My point with this is that the critics of toxic masculinity do not have any valid criticisms of it. ¯\_(ツ)_/¯

Tiffany

I am a millennial female and proud of it! From the state that's called the armpit of the south and the sunshine state. I'm a wannabe writer and artist, who likes blogging, and anything DYI. Is fandom trash and lives to ship fictional characters together. Favorite fruit is lemon, loves veggie sushi, and I am always carb loading.

"We are all earthlings." -Joaquin Phoenix (Earthlings, 2005)

Comments (6) »

Lucien - May 23, 2019 @ 12:59 pm

Of course they don’t have valid criticism, the only ones who critic toxic masculinity are living examples of it.

Michelle - May 24, 2019 @ 1:18 pm

They really don’t.

Anya Dryagina - May 25, 2019 @ 10:43 pm

Hello, thanks for the information.
Have a nice Sunday!
http://www.recklessdiary.ru

ThatAutisticFitChick - May 27, 2019 @ 5:26 pm

So many people don’t understand privilege or don’t want to admit to having privilege (either because they confuse it with entitlement or because they feel it diminishes their own struggle, I don’t know). I find it is the same with toxic masculinity. That people don’t understand it’s small things like teaching boys that it’s not ‘manly’ to cry builds up and snowballs into this thing as they age.

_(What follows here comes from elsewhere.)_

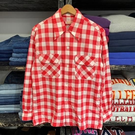 50's Textron cotton woven plaid loop shirt

Absolutely prioritise your own mental health over trying to educate those who refuse to listen though 🙂

Nancy - May 27, 2019 @ 9:38 pm

I hate toxic masculinity, then again who loves it?? This whole mansplaining thing is ridiculous – us women have the full ability to understand something without being talked down to. I think men need to be able to watch their boundaries and if they’re being criticized, take the feedback and either work on themselves or let it slide.

kiki | soyvirgo.com - June 3, 2019 @ 2:26 pm

I completely agree with everything you have said. I always try to see if I’m dealing with any toxic masculinity in my every day life and I’m really lucky I don’t I always see it in others though. For example my mom gets so mad at my brothers gf’s because neither of them cook for my bros. But it’s like, women aren’t put on this earth to clean for your babies, mom! LOL So yeah I guess I see the toxic mascuinity in my moms behavior?? Maybe it’s just her stereotyping the womens “roles” as her sons’ girlfriends.